Most of times I give up a viewport representation and real time feedback for a more efficient way to render and control lots of copies, Well but that's just me.
Off course you can have both but I find it difficult to find 100% of efficiency on both in 100% of all situations.
Here are some of my ideas for your kind of situation, I hope that helps anyway let me know.
It's actually not about performance in the viewport, I'm more bother about the cooking time. This is a low demanding scene, image I have 1.000.000 animated objects. Copy stamping will fail at huge values with huge geometry.
The only way for me to get this to run stable is to export some objects with different time offsets and copy them seperately in seperate copy sops.
Time offsettings would be too slow with copy stamping, I've also tried this with the instance node. First export different variations of a model, create an attribute to switch the file paths at render time. But when I reach extreme amounts mantra will eventually choke on a 24GB system.
Even when I export mantra archive with ifd material and use delayed load procedural.
I think the only fast way is to have seperate instance nodes or seperate copy nodes, I was thinking about writing a simple python script to do this.
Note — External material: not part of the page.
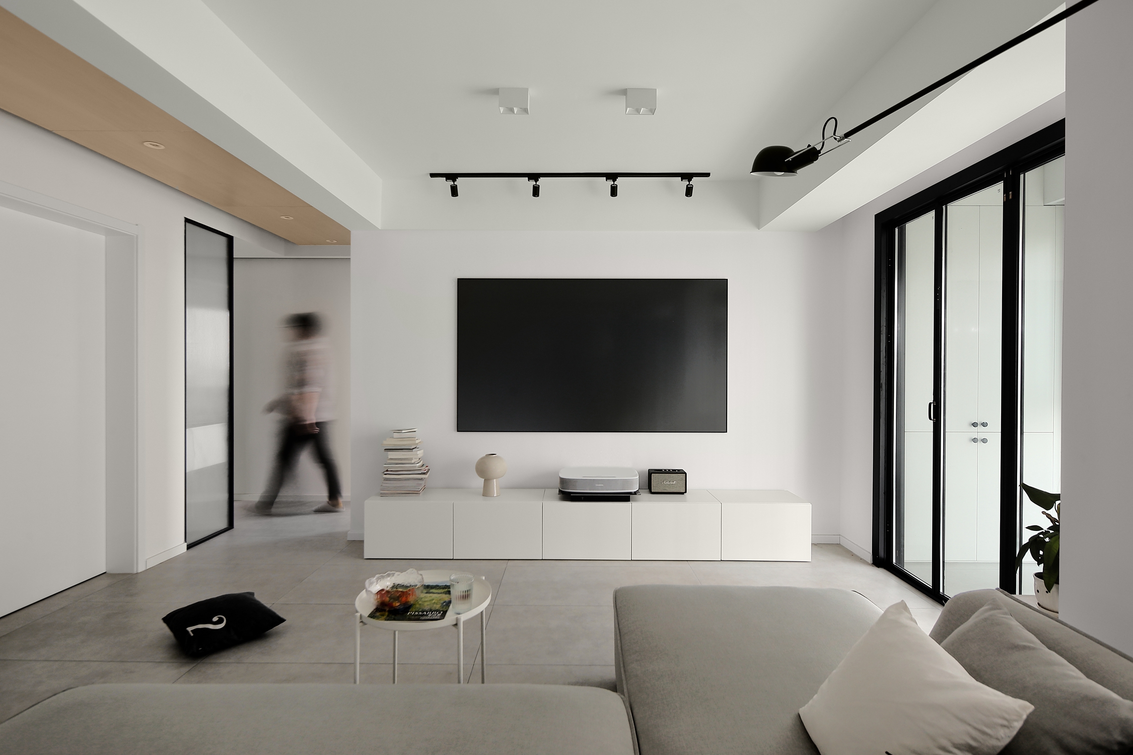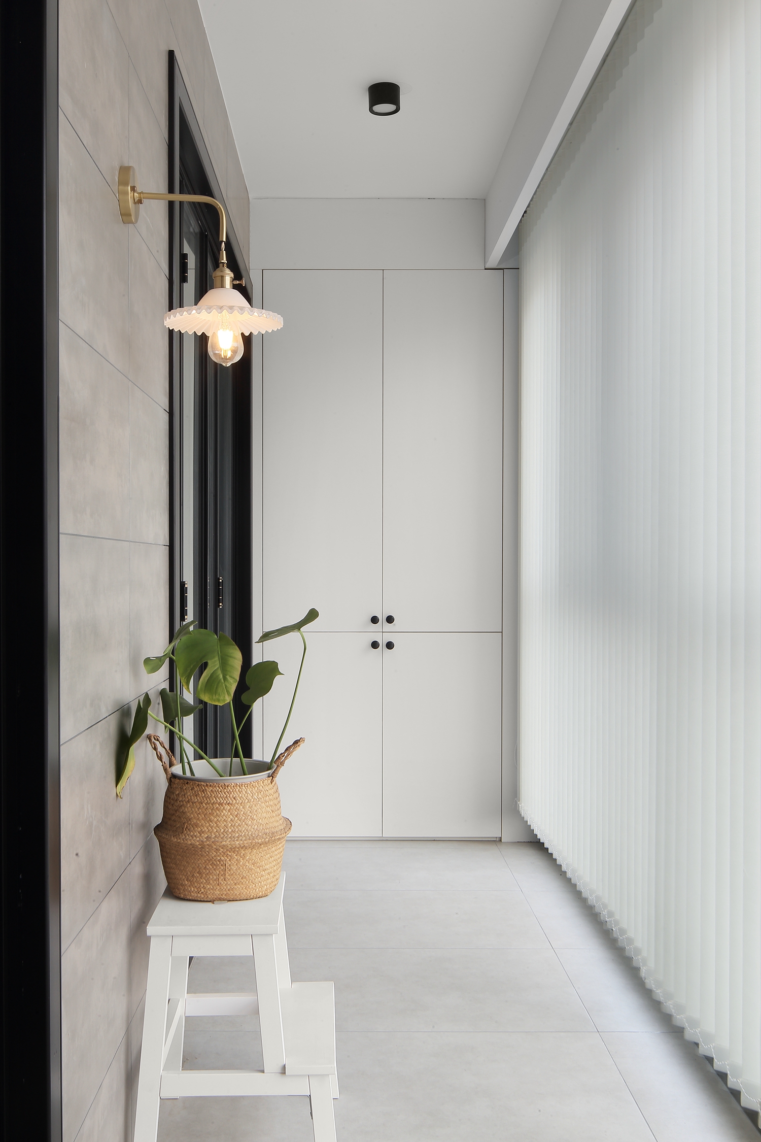 客廳雙陽(yáng)臺(tái)貫通,打造休閑出一個(gè)休閑區(qū),作為看書、喝茶、聊天的區(qū)域。陽(yáng)臺(tái)的收納也沒(méi)有落下,一邊靠墻打造收納柜,一邊安裝洗烘套裝。放棄了傳統(tǒng)頂面晾衣的模式,讓整個(gè)空間都顯得干凈整潔。

I don't see the problem that you are describing with the instance node, with the example I've send you it starts to render almost instantly.
I've done shots with even more complex geometry, like crowds with different animations and textures, which rendered fine without bottle necks like you are saying, can you post a sample file with the problem that you are describing?
But yeah saving the geometry with animation would be a way to go, you could have a different optimized system that doesn't render just to preview your geometry.